#### EXERCISE DETAILS
Print every entry below again exactly as written, skipping the pictures.

[Start of Attachment]

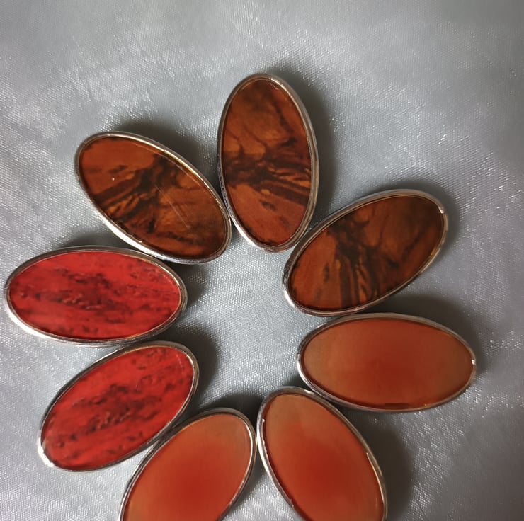 Eye catching set of 9 flat oval shaped lozenge shaped beads. In Autumnal shades with silver metal backs they would be a great addition to any piece. They have 4 eyelets on the back for threading. Each lozenge measures 3.5cm x 1.75cm. There are some small marks not scratches on 2 of them but hardly noticeable.
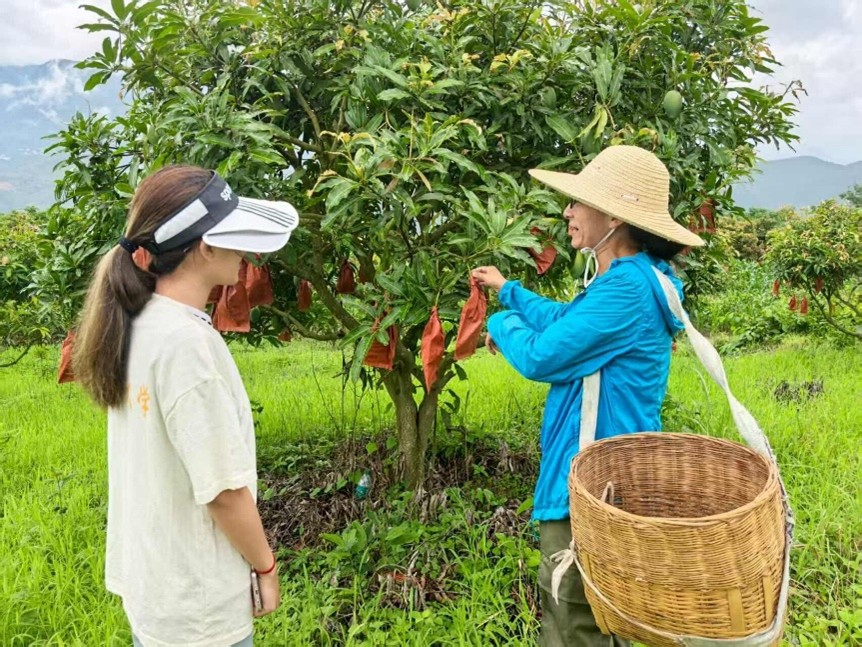 图为村民介绍芒果的种植与管理。田浩楠/供图
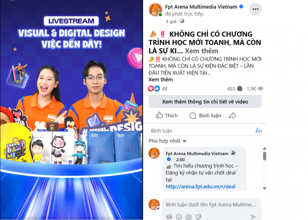 Song song với sự kiện trực tiếp tại Hà Nội, FPT Arena Multimedia tổ chức livestream ra mắt ngành học mới: Visual & Digital Design – Thiết kế thị giác & đồ họa số. Đây là hoạt động livestream đặc biệt dành cho những bạn trẻ không thể tham dự trực tiếp, nhưng vẫn mong muốn tìm hiểu ngành học, tương tác cùng chuyên gia và có cơ hội nhận ưu đãi giá trị.
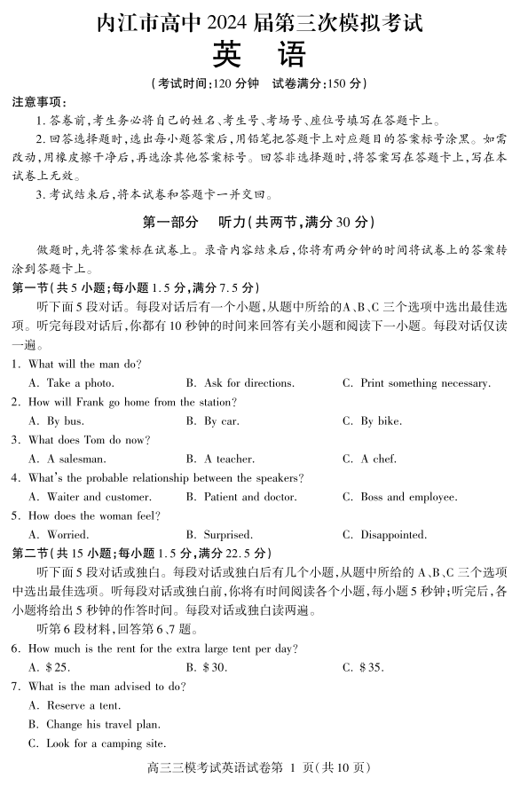 四川省内江市2024届高中高三下学期第三次模拟考试英语+答案
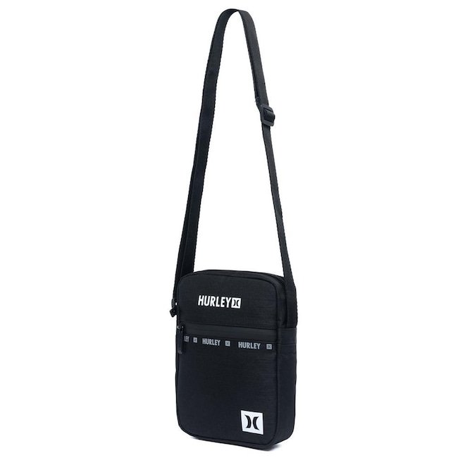 Shoulder Bag Hurley com compartimento principal, compartimento frontal, alça ajustável e etiquetas personalizadas.
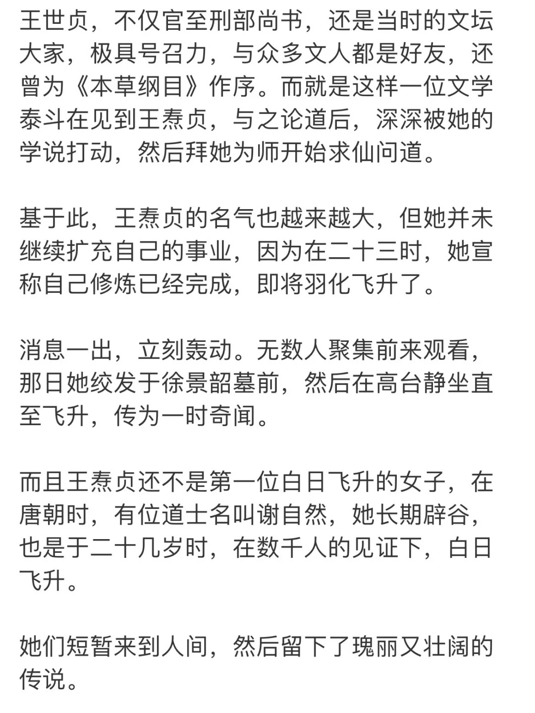 而且王焘贞还不是第一位白日飞升的女子,在唐朝时,有位道士名叫谢自然,她长期辟谷,也是于二十几岁时,在数千人的见证下,白日飞升。

[End of Attachment]

#### RESULT BELOW
 Eye catching set of 9 flat oval shaped lozenge shaped beads. In Autumnal shades with silver metal backs they would be a great addition to any piece. They have 4 eyelets on the back for threading. Each lozenge measures 3.5cm x 1.75cm. There are some small marks not scratches on 2 of them but hardly noticeable.
 图为村民介绍芒果的种植与管理。田浩楠/供图
 Song song với sự kiện trực tiếp tại Hà Nội, FPT Arena Multimedia tổ chức livestream ra mắt ngành học mới: Visual & Digital Design – Thiết kế thị giác & đồ họa số. Đây là hoạt động livestream đặc biệt dành cho những bạn trẻ không thể tham dự trực tiếp, nhưng vẫn mong muốn tìm hiểu ngành học, tương tác cùng chuyên gia và có cơ hội nhận ưu đãi giá trị.
 四川省内江市2024届高中高三下学期第三次模拟考试英语+答案
 Shoulder Bag Hurley com compartimento principal, compartimento frontal, alça ajustável e etiquetas personalizadas.
 而且王焘贞还不是第一位白日飞升的女子,在唐朝时,有位道士名叫谢自然,她长期辟谷,也是于二十几岁时,在数千人的见证下,白日飞升。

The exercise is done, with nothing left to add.